DATA SECTION:

══════════════════════════════

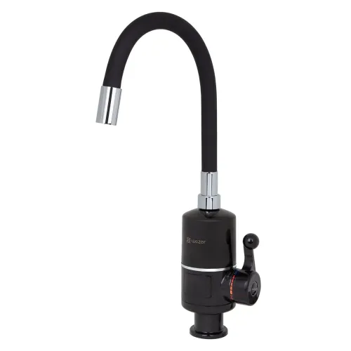 Проточний водонагрівач для кухні з гнучким поворотним виливом чорного кольору. Корпус виготовлено з ABS пластику чорного кольору. Живлення АС 220-240В, 50Гц. Тен потужністю 3кВт. Температура нагріву 30 - 65°C. Тиск в системі від 0.5 до 6 бар. Індикація температури за допомогою дисплея. Клас захисту - ІРХ4. Встановлення на мийку, фіксація прижимною гайкою, гідравлічне з'єднання - зовнішня різьба 1/2". В комплекті кабель 1.2 метри з вилкою європейського зразка. Гарантія 1 рік.
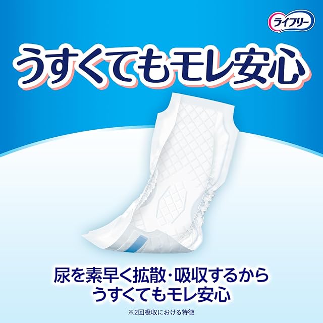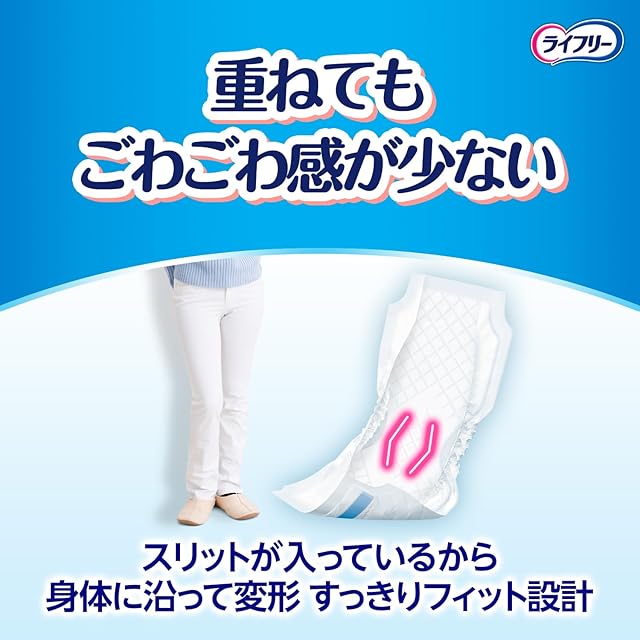 うすさ約1/2※1だから、パンツ1枚感覚。パンツと重ねてもごわごわしない紙パンツ専用尿とりパッド ※1 ライフリー尿とりパッド女性用2回吸収との比較です。
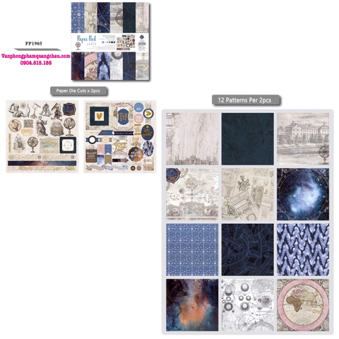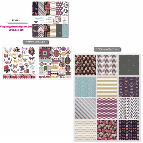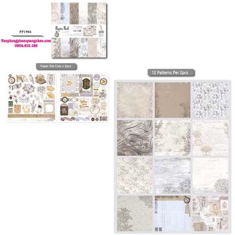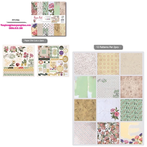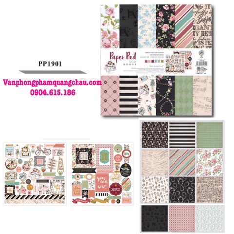 * BỘ SẢN PHẨM BAO GỒM: 02 tờ sticker + 24 tờ giấy họa tiết chia đều cho 12 mẫu

══════════════════════════════

TASK BRIEF:
When you copy the data, keep every line exact and leave out each picture.

RESPONSE AREA:
 Проточний водонагрівач для кухні з гнучким поворотним виливом чорного кольору. Корпус виготовлено з ABS пластику чорного кольору. Живлення АС 220-240В, 50Гц. Тен потужністю 3кВт. Температура нагріву 30 - 65°C. Тиск в системі від 0.5 до 6 бар. Індикація температури за допомогою дисплея. Клас захисту - ІРХ4. Встановлення на мийку, фіксація прижимною гайкою, гідравлічне з'єднання - зовнішня різьба 1/2". В комплекті кабель 1.2 метри з вилкою європейського зразка. Гарантія 1 рік.
 うすさ約1/2※1だから、パンツ1枚感覚。パンツと重ねてもごわごわしない紙パンツ専用尿とりパッド ※1 ライフリー尿とりパッド女性用2回吸収との比較です。
 * BỘ SẢN PHẨM BAO GỒM: 02 tờ sticker + 24 tờ giấy họa tiết chia đều cho 12 mẫu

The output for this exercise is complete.